Large language models are changing the way humans and machines interact, but could engineering prompts for LLMs ever become a career in its own right?
First, there was machine code: the lowest-level CPU interface that programmers could access. Then came assembly languages, freeing programmers from the tedium of memorizing numeric codes and calculating addresses. After that came the high-level languages, starting with Fortran, which made the programmer’s job even easier by introducing elements of natural language. Today, there are hundreds of high-level languages, each with its own applications, advantages and advocates.
But what about tomorrow?
The rise of foundation models—large machine learning (ML) models trained on huge volumes of data—is transforming the way humans and machines interact before our eyes. People with no programming knowledge or experience can use these models to create their own code from requests made entirely in natural language. Of course, the quality of the code varies, as do model outputs in general.
Programming novices are beginning to appreciate the well-worn concept of garbage in, garbage out (GIGO). As a result, a new discipline is emerging in response to the rise of foundation models like OpenAI’s ChatGPT. Welcome to the world of prompt engineering!
If you work in any proximity to ChatGPT and its ilk, you probably don’t need to scroll far in your LinkedIn feed to find references to prompt engineering, typically in the form of sage advice from self-described experts on how to take your artificial intelligence (AI) game to the next level. It seems like more than a coincidence that these tend to be the same people who would have been pushing NFTs a few years ago. That might lead you to wonder whether this is a legitimate skill or just more marketing pablum.
To put the question another way: Is prompt engineering really engineering?
The answer, as it turns out, is more complicated than a simple ‘Yes’ or ‘No’.
An Introduction to Prompt Engineering
Context is the core of prompt engineering. Since large language models (LLMs) can temporarily learn from prompts, users that provide an LLM with a sufficient amount of context through their prompts should get better outputs than those who do not. What does “a sufficient amount of context” look like? That’s where prompt engineering is supposed to come in.
The simplest example of a prompt—also known as zero-shot prompting—involves giving a model some input data and a description of the expected output. For example, an engineer could provide an LLM with a series of electrical waveforms and ask it to classify that data into distinct categories, such as normal operation, voltage sag, voltage swell, harmonics and transients.

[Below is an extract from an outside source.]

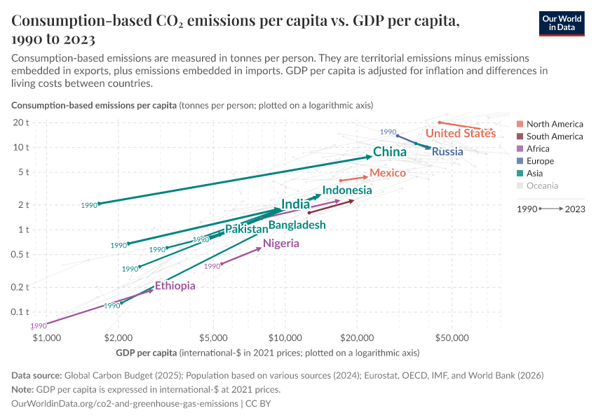 By default, the chart shows the change of income and emissions for the countries that are home to more than 100 million people, but you can add other countries to the chart.

A more nuanced approach—also known as few-shot prompting—would provide the model with labelled examples in addition to the input data and expected output. Using the previous example, a few-shot prompt would include example waveforms for normal operation, voltage sag, etc. in addition to the data to be classified. Essentially, few-shot prompts are supposed to give LLMs a leg up by providing further context.
Another popular approach is chain-of-thought prompting, in which a model is encouraged to solve a problem in a series of intermediate steps before providing a final answer. Chain-of-thought prompts have been shown to improve model performance on tasks that require logical thinking or multiple steps to solve, such as arithmetic word problems. While this could be seen as a subset of few-shot prompting, there is evidence that simply requiring the model to include “Let’s think step by step” yields similar results with zero-shot prompts.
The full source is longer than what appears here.